If the Vikings are starting over, they’d be best served with all the draft picks they can accrue. That means the phone lines will have to be busy in advance of the league’s October 31 trade deadline. Untouchables persist, obviously. Jefferson is a non-starter, as are Hockenson and Jordan Addison. Anyone still on an inexpensive rookie contract should get an extra look, even if they’ve been frustrating prospects like Lewis Cine or Andrew Booth (of course, if the price is right they’re fair game as well).

Otherwise? It’s time to hear some offers. Did Zach Wilson just biff a game for the New York Jets? Let’s see if they’d want Cousins.

Do the Dallas Cowboys feel the need to beef up their safety rotation after getting torched by the San Francisco 49ers? How would they feel about Harrison Smith?

Danielle Hunter trade rumors swirled throughout the offseason. Now he’s a pending free agent with six sacks in five games and would be welcome just about anywhere.

This not only would boost Minnesota’s draft chest without sacrificing foundational talent, but help push this team higher up the draft board where a talented crop of quarterbacks await. The Vikings pythagorean record — a measure of where their wins and losses would be expected to be based on their point totals — pegs them at 2.2 expected wins so far. Over the course of 17 games, that puts that at either 7-10 or 8-9, where they’d probably be expected to draft between 10th and 15th selections.

You can find a useful quarterback there, but you probably won’t. Here are the last five passers to be taken between those picks:

  • Justin Fields, Chicago Bears (11th pick)
  • Mac Jones, New England Patriots (15th)
  • Dwayne Haskins, Washington Football Team (15th)
  • Josh Rosen, Arizona Cardinals (10th)
  • Patrick Mahomes, Kansas City Chiefs (10th)

Right. Other than Mahomes and maayyybe Fields, that’s a grim lineup. The success rate of finding a franchise quarterback is significantly higher inside the top five picks, but you won’t get there with a seven-win season unless you’re willing to mortgage a boatload of future picks — see the Bears’ trade with the Carolina Panthers from last spring as proof.

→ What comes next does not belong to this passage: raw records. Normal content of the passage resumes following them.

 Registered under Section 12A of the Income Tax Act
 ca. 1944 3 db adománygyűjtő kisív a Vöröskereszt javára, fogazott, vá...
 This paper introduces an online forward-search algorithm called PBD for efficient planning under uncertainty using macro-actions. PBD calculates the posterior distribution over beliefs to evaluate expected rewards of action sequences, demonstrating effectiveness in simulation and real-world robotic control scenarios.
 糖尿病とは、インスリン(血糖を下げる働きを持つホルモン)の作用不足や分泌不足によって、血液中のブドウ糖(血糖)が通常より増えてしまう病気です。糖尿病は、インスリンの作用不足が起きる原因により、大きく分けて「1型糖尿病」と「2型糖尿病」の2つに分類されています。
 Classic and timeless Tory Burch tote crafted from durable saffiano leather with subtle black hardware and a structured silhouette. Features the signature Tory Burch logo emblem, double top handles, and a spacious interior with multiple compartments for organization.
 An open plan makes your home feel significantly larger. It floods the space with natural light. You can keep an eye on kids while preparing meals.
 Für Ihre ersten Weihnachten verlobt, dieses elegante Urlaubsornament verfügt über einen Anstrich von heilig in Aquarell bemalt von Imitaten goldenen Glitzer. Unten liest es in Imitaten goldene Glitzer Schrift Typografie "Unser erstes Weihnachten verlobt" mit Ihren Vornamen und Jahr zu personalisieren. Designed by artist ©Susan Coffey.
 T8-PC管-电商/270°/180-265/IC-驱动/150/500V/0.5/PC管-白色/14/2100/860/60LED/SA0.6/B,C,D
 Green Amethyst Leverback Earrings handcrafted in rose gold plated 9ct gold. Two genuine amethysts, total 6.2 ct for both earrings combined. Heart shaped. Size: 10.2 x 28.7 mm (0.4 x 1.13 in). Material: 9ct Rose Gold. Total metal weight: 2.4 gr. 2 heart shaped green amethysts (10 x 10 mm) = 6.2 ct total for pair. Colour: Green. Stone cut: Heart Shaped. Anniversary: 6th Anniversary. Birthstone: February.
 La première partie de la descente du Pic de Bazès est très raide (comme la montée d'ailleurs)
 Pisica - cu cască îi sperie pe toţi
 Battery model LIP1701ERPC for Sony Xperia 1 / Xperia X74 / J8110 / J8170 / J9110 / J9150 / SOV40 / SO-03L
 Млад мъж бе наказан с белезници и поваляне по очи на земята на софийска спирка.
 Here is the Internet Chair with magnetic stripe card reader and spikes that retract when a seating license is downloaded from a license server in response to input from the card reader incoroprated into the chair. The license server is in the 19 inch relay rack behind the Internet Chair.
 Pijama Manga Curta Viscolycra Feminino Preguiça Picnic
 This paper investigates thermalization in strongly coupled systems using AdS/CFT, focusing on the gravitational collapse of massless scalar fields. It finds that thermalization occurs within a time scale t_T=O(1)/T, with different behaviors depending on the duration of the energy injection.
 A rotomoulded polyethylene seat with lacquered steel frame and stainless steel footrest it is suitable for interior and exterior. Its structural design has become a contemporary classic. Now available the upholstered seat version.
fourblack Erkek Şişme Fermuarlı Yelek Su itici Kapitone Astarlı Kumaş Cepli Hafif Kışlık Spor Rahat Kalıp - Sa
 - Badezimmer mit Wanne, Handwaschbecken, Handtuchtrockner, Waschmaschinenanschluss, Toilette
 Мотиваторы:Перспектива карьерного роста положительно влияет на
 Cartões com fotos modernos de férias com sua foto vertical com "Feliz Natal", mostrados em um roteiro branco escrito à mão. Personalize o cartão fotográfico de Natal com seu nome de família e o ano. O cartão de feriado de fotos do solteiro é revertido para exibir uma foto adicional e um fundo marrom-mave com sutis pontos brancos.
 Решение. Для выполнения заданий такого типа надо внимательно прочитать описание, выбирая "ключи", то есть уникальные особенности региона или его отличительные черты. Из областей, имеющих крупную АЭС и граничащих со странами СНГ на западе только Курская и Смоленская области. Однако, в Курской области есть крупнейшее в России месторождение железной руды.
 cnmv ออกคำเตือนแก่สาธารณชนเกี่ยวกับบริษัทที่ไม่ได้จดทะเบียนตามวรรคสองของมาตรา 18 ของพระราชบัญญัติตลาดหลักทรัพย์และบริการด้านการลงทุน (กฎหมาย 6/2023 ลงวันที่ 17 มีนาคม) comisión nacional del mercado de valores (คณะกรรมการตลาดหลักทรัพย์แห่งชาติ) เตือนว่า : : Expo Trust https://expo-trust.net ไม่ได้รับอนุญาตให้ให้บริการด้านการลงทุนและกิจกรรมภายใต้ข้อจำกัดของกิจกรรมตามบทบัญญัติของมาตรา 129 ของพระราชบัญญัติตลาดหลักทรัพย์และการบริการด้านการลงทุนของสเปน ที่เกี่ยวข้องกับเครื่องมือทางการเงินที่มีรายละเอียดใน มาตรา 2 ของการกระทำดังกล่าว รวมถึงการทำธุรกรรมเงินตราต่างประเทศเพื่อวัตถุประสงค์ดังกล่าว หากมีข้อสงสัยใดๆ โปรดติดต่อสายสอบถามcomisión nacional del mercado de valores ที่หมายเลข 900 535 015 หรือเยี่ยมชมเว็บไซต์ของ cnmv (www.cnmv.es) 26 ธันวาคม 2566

The Vikings can increase their odds of landing an envious draft spot AND load up on tradeable picks by selling before the trade deadline. All it would cost them is a little dignity — Minnesota hasn’t won fewer than seven games in a decade — and some goodwill with the fans. The outcome wouldn’t be pretty, but it would have the silver lining of a future whose potential could be greater (or worse) than the franchise’s current place in stasis.

This isn’t what the Vikings wanted to hear. Tanking sucks, and it especially sucks when you’re coming off a 13-win season that left plenty to prove. But the fact of the matter remains this team is 1-4 and will now be without its best player for the foreseeable future. The best case scenario is mediocrity, and that sucks too; just in a way that’s significantly less fun to complain about.

So, here stands Minnesota. The football gods have violently swung against the team after being on your side throughout the 2022 regular season. Things aren’t as bad as a 1-4 record suggests, but with a little work, they could be.

And that’s where the Vikings want to be headed into 2024.